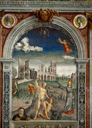 Fresque de Giovanni Maria Falconetto, Salle du Zodiaque, Palazzo D'Arco, Mantoue, Italie(Fresco by Giovanni Maria Falconetto (1468-1535), Hall of Zodiac, Palazzo D'Arco, Mantua (UNESCO World Heritage List, 2008), Italy)Giovanni Maria Falconetto |
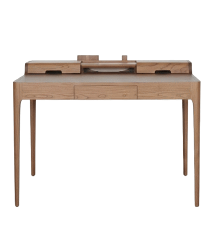 This Writing Desk is a sleek and modern piece that seamlessly integrates storage and functionality into a minimalist design. The entire desk is constructed from warm-toned wood (likely teak or walnut), featuring a smooth finish and continuous, rounded edges. It is supported by four tapered and slightly angled legs, which emphasize its Mid-Century Modern heritage. The main working surface is spacious and includes a central, shallow storage drawer. W x D x H = 134 x 65 x 82 (in cm) Available in wood material : – Mahogany – Sungkai – Jati/Teak – Oak Finishing color can be customized by the customer.
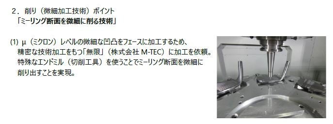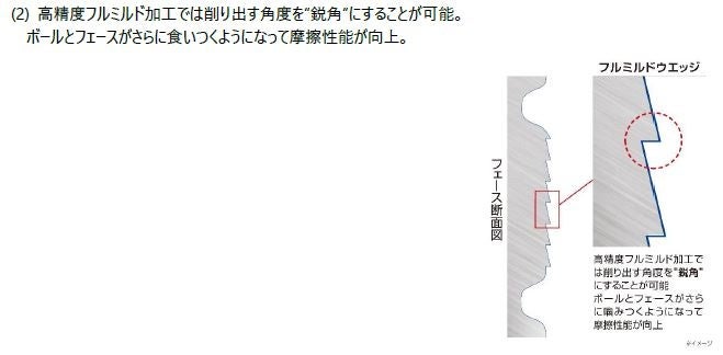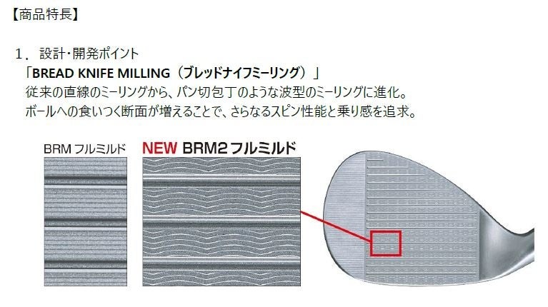 同商品は、μ(ミクロン)レベルの精密な加工技術をもつ「無限」(株式会社M-TEC)※2と共同開発を行い、 新ミーリングデザイン「ブレッドナイフミーリング」により、球の食いつき、乗り感が進化し、スピン性能を向上させたモデルです。
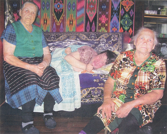 Тетяна Михайлівна і Анастасія Михайлівна завжди біля Раї. Килим на стіні - вишитий золотими руками молодшої сестри
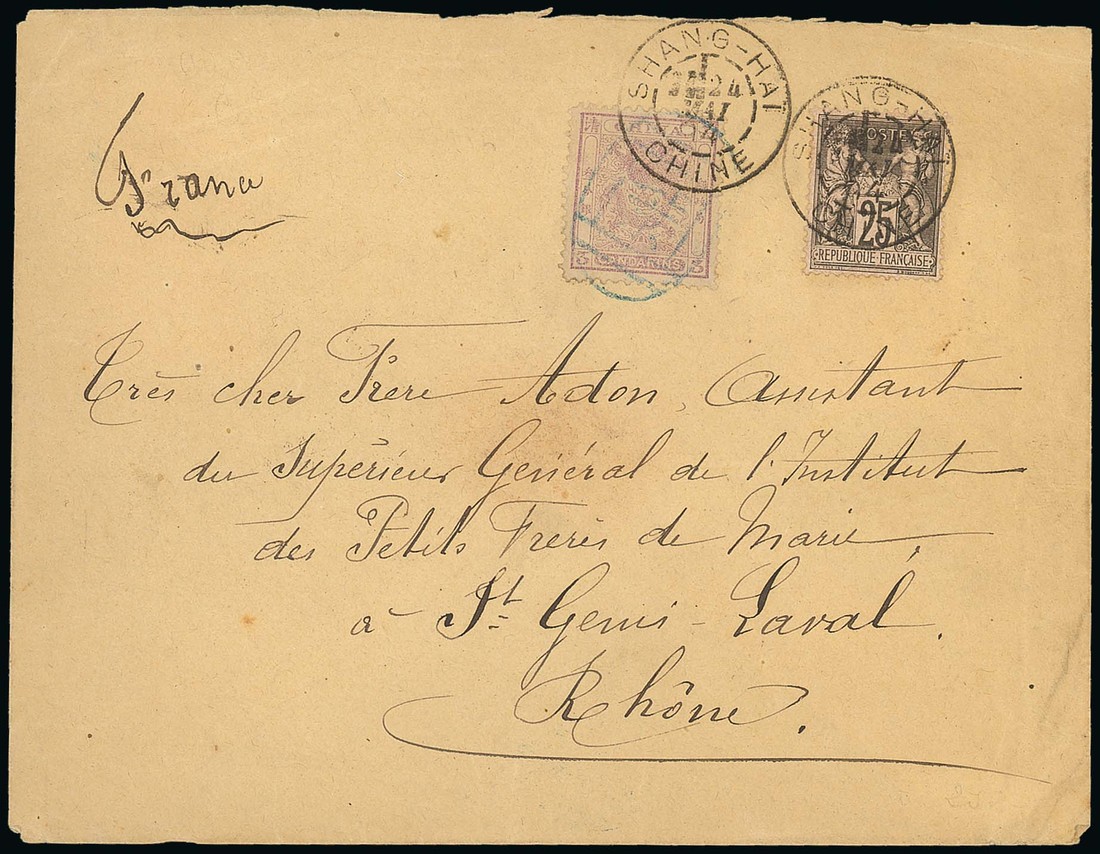1894 (17 May) envelope to France bearing 3ca. tied by Peking seal in blue with France 25c. alongside, both stamps tied by "shang-hai/chine" c.d.s.. the reverse with Peking, Tientsin and Shanghai Customs c.d.s. and St. Genis-Laval arrival (1.7); some trivial soiling does not detract from this good cover. Photo

*AIM OF THE TASK*
Output only the lines running from the one containing "This Writing Desk" to the end of the records, inclusive and exact; skip the pictures.

*THE COMPLETED TASK*
 This Writing Desk is a sleek and modern piece that seamlessly integrates storage and functionality into a minimalist design. The entire desk is constructed from warm-toned wood (likely teak or walnut), featuring a smooth finish and continuous, rounded edges. It is supported by four tapered and slightly angled legs, which emphasize its Mid-Century Modern heritage. The main working surface is spacious and includes a central, shallow storage drawer. W x D x H = 134 x 65 x 82 (in cm) Available in wood material : – Mahogany – Sungkai – Jati/Teak – Oak Finishing color can be customized by the customer.
 同商品は、μ(ミクロン)レベルの精密な加工技術をもつ「無限」(株式会社M-TEC)※2と共同開発を行い、 新ミーリングデザイン「ブレッドナイフミーリング」により、球の食いつき、乗り感が進化し、スピン性能を向上させたモデルです。
 Тетяна Михайлівна і Анастасія Михайлівна завжди біля Раї. Килим на стіні - вишитий золотими руками молодшої сестри
1894 (17 May) envelope to France bearing 3ca. tied by Peking seal in blue with France 25c. alongside, both stamps tied by "shang-hai/chine" c.d.s.. the reverse with Peking, Tientsin and Shanghai Customs c.d.s. and St. Genis-Laval arrival (1.7); some trivial soiling does not detract from this good cover. Photo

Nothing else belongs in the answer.